Proteomic analysis of native metabotropic glutamate receptor 5 protein complexes reveals novel molecular constituents

• Published in: Journal of neurochemistry Vol. 91; no. 2; pp. 438 - 450
• Main Authors: Farr, Carol D., Gafken, Philip R., Norbeck, Angela D., Doneanu, Catalin E., Stapels, Martha D., Barofsky, Douglas F., Minami, Manabu, Saugstad, Julie A.
• Format: Journal Article
• Language: English
• Published: Oxford, UK Blackwell Science Ltd 01.10.2004; Blackwell
• Subjects: Algorithms; Aminoacid receptors (glycine, glutamate, gaba); Animals; Biological and medical sciences; Brain Chemistry; Cell receptors; Cell structures and functions; Chromatography, Liquid; Computational Biology; Databases, Protein; Electrophoresis; Fundamental and applied biological sciences.
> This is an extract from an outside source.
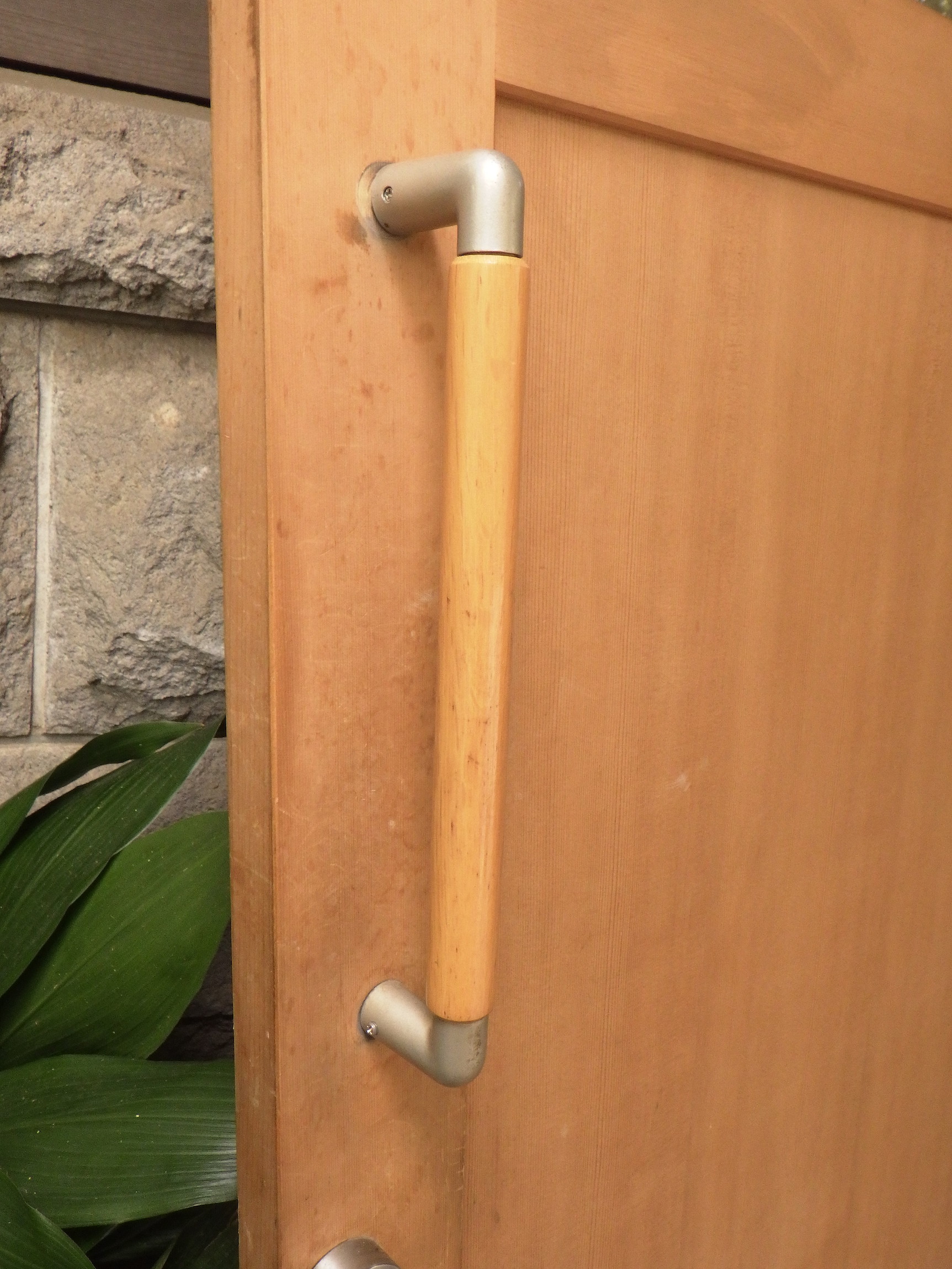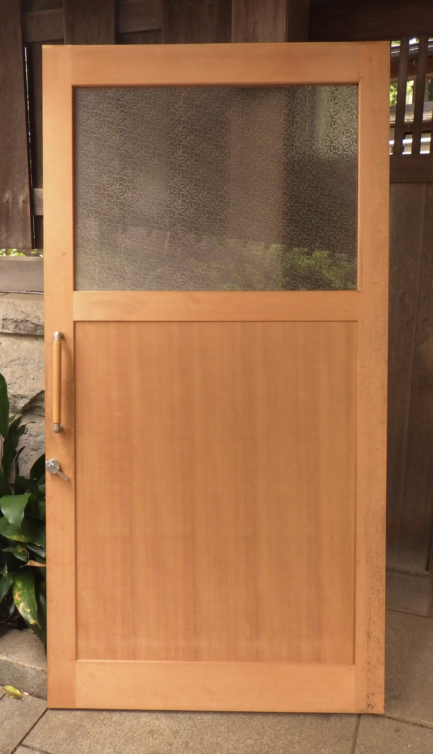取手付きの腰高ガラス戸です。模様ガラスはスクエアが連なったモダンなデザインのものが使われています。大きなわかりやすい鍵もついています。高さもありますので店舗のリノベーション等にもお使い頂けそうです。

Psychology; Immunoblotting; Macromolecular Substances; Male; Mass Spectrometry; metabotropic glutamate receptor; Molecular and cellular biology; Precipitin Tests; Protein Binding; protein interaction; proteomics; Proteomics - methods; Rats; Rats, Sprague-Dawley; Receptor, Metabotropic Glutamate 5; Receptors, Metabotropic Glutamate - chemistry; Receptors, Metabotropic Glutamate - metabolism; mglu5 glutamate receptor; protein interaction; Metabotropic receptor; metabotropic glutamate receptor; Proteomics; Molecular interaction; Mass spectrometry; Protein
• ISSN: 0022-3042; 1471-4159
• DOI: 10.1111/j.1471-4159.2004.02735.x

We used a proteomic approach to identify novel proteins that may regulate metabotropic glutamate receptor 5 (mGluR5) responses by direct or indirect protein interactions. This approach does not rely on the heterologous expression of proteins and offers the advantage of identifying protein interactions in a native environment. The mGluR5 protein was immunoprecipitated from rat brain lysates; co‐immunoprecipitating proteins were analyzed by mass spectrometry and identified peptides were matched to protein databases to determine the correlating parent proteins. This proteomic approach revealed the interaction of mGluR5 with known regulatory proteins, as well as novel proteins that reflect previously unidentified molecular constituents of the mGluR5‐signaling complex. Immunoblot analysis confirmed the interaction of high confidence proteins, such as phosphofurin acidic cluster sorting protein 1, microtubule‐associated protein 2a and dynamin 1, as mGluR5‐interacting proteins. These studies show that a proteomic approach can be used to identify candidate interacting proteins. This approach may be particularly useful for neurobiology applications where distinct protein interactions within a signaling complex can dramatically alter the outcome of the response to neurotransmitter release, or the disruption of normal protein interactions can lead to severe neurological and psychiatric disorders.